March 1 — Creating a court system centered around the “just, speedy and inexpensive determination of every action and proceeding” requires a collaborative effort by both the bench and the bar to ensure such results. With so much of the legal system's attention focused on clients' needs and outcomes and attorneys' personal financial goals, it is sometimes difficult to remember the purpose of the American judiciary is primarily to serve the public.
“The folks who come to the court have something really important going on in their lives,” Judge Jeremy Fogel, of the Northern District of Calfiornia, said at a panel at the Fourth Civil Justice Reform Summit Feb. 26. “We need to be there to help them.”
Education is key in assisting the judges, court administrators and court staff whose job it is to focus on the goals of Federal Rule of Civil Procedure 1. A panel of judges at the Summit explored the ways in which the court system can further that goal.
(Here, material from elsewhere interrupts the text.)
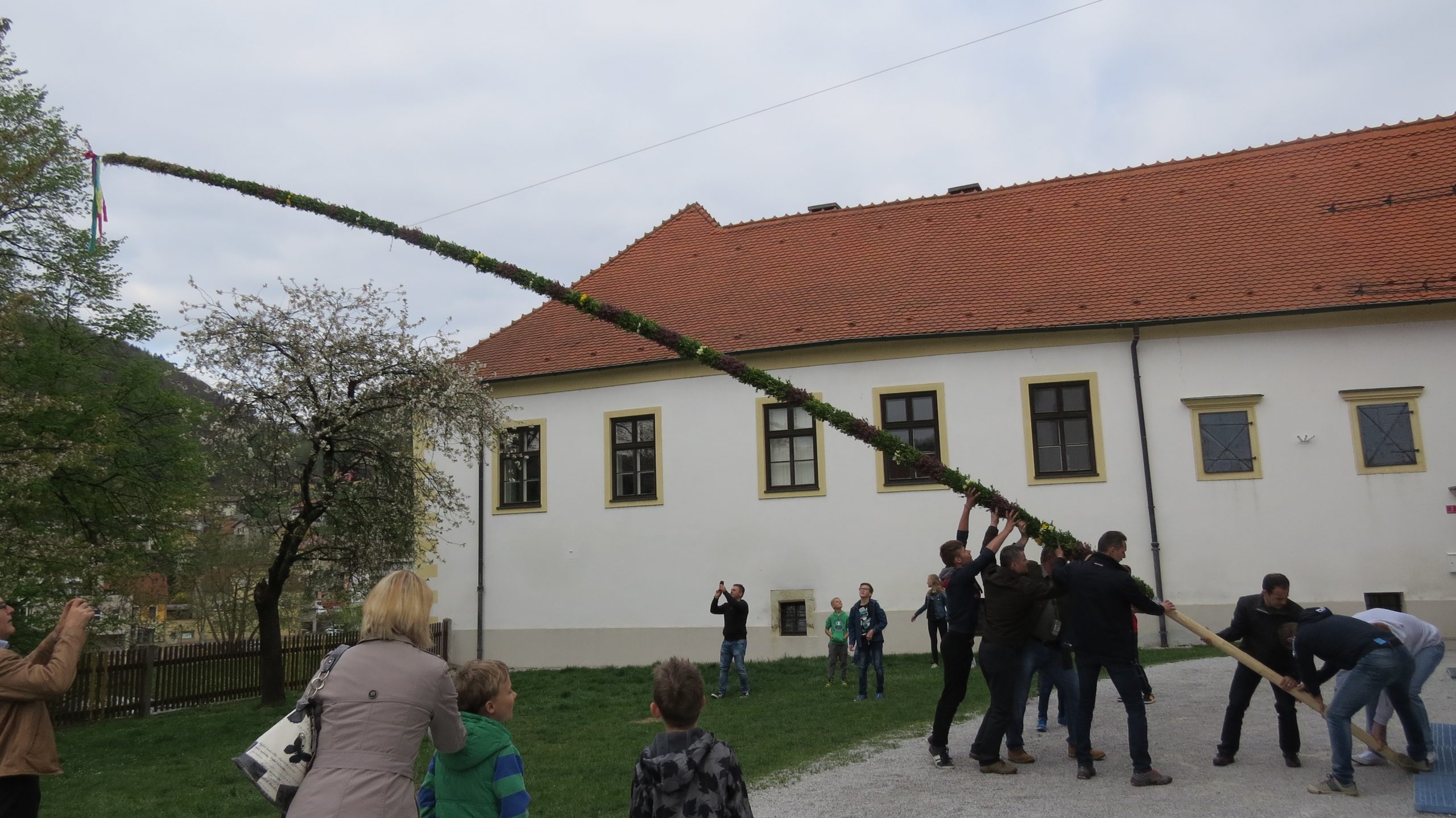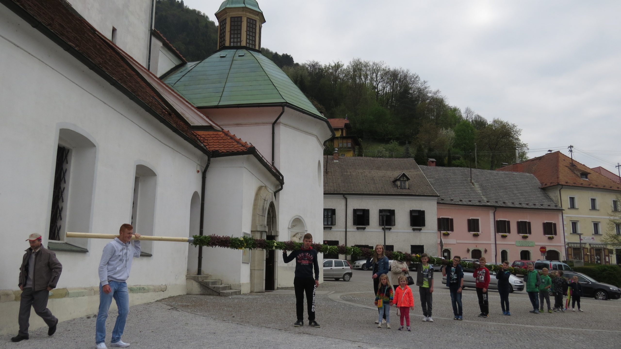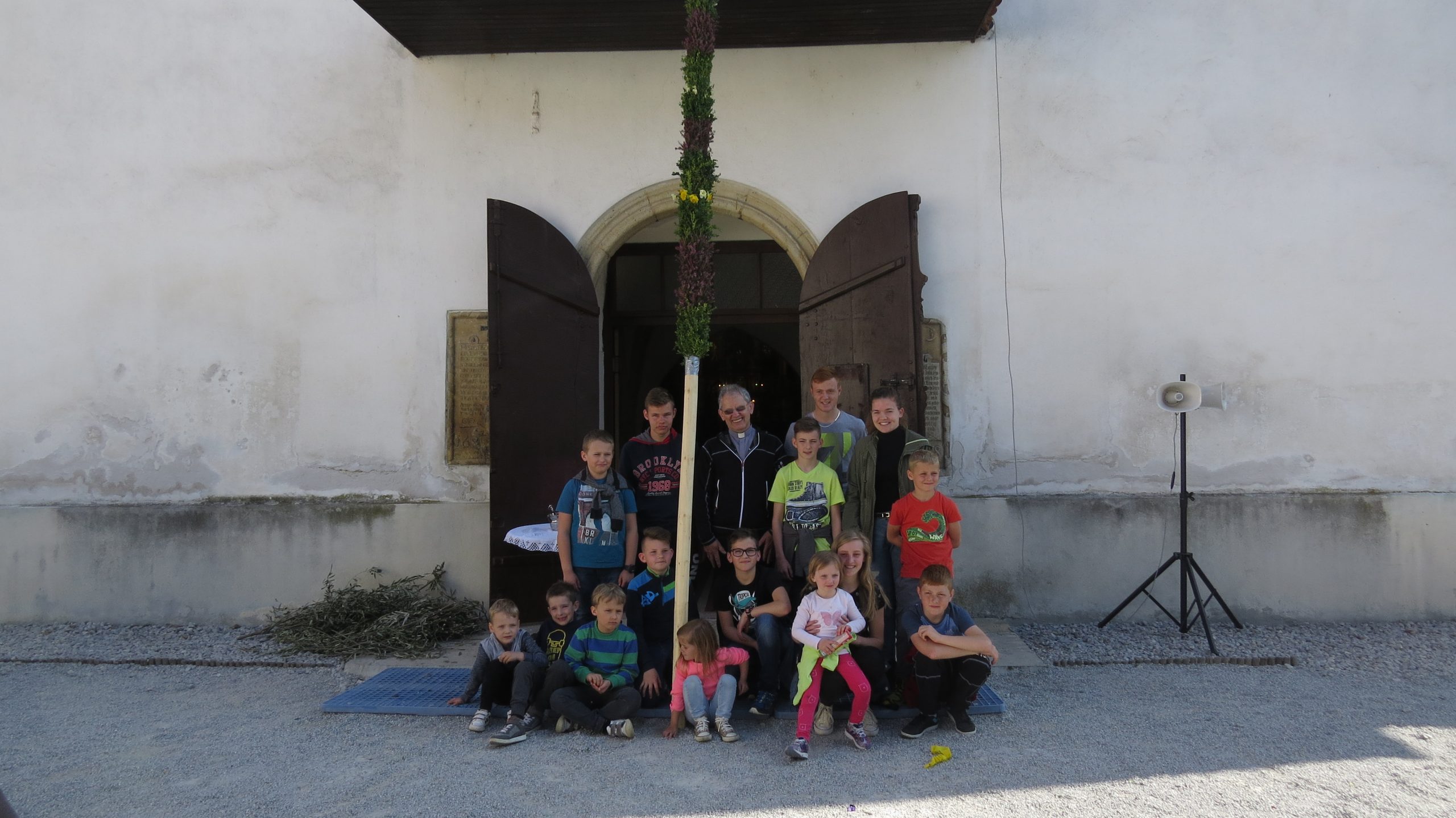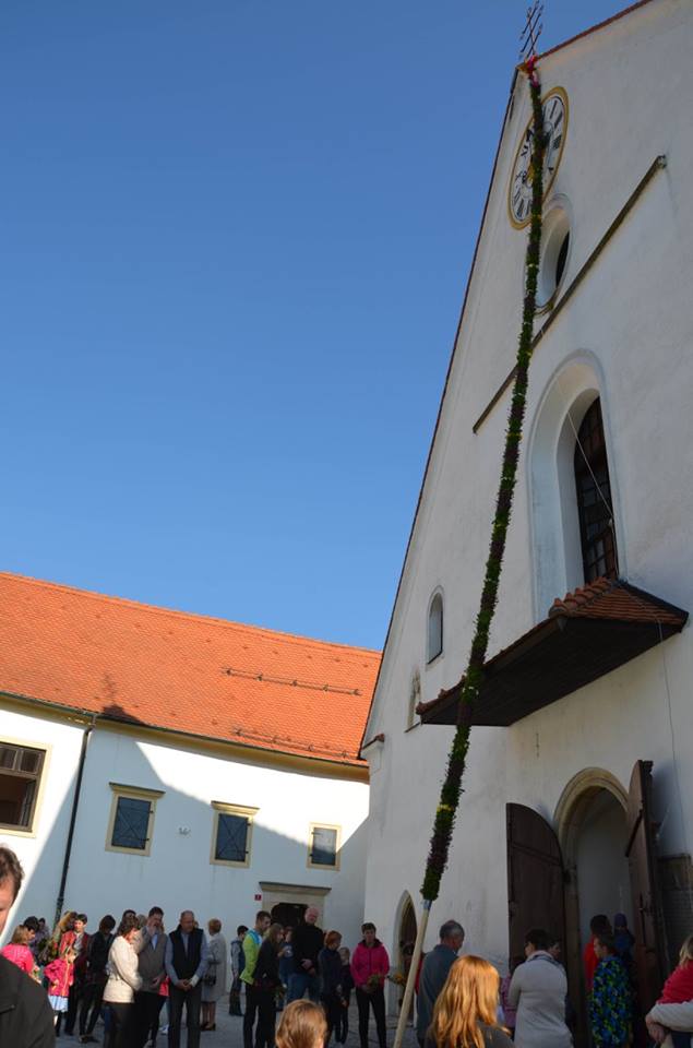Pred farno cerkvijo sv.Martina v Laškem je letos znova stala butara velikanka. K blagoslovu so jo, letos dolgo 17m, prinesli mladostniki in otroci iz vasi Trojno.

Just results are the focus of the litigation system, but they come with a caveat: the language requiring actions to be both speedy and inexpensive as well.
“As judges, we often focus on ‘just' resolutions,” Judge Jeffrey Sutton, of the Sixth Circuit Court of Appeals, noted. “But if these determinations aren't speedy and inexpensive, even if you get to the right place, you really have to wonder if the result of the litigation captures the concept of ‘just.' ”
Robert D. Owen, of Sutherland Asbill & Brennan LLP, attended the Summit and agreed with Judge Sutton's assessment.
“My fear about the civil justice system right now is that the middle class of citizens and companies is being discouraged from the federal courts because of how difficult, expensive and risky the eDiscovery challenges have made litigation,” Owen told Bloomberg BNA Feb. 29.
Owen is also the president of the non-profit eDiscovery Institute.
“It's remarkable how significant the phrase ‘just, speedy and inexpensive' is,” Owen continued. “Just results are great, but as I reminded the Rules Committee in my own comment [during the rulemaking period], it is a preponderance of the evidence system.”
According to Owen, the advent of eDiscovery has created diversions that encroach on the goals of Rule 1. For example, in the event that electronic evidence is lost, the litigation system still has at its disposal witnesses, trials, juries and judges to compensate for the absence of specific data.
“It's tempting as a lawyer to make everything perfect but that's expressly not the standard in the civil system,” Owen told Bloomberg BNA Feb. 29.
What's the best way to get judges and their staff on track to accomplish the goals of Rule 1? Education is a starting point for those judges and court personnel who remain entrenched in their own particular way of operating.
“We have mechanisms to educate and inspire,” Judge Lee H. Rosenthal, of the District of Texas, said at the Summit. “We need to make it clear to all judges that better case management is in their self-interest.”
Judge Rosenthal explained that the argument must be made to the bench that this type of case management means less work all over for the ones wearing the robe.
Judge Rosenthal said that case management templates, manuals and recurring types of case management orders that can be specifically tailored to particular cases are all appropriate mechanisms for making case management easier.
Judge Balmer agreed, noting that these focuses would require a culture change and serious leadership.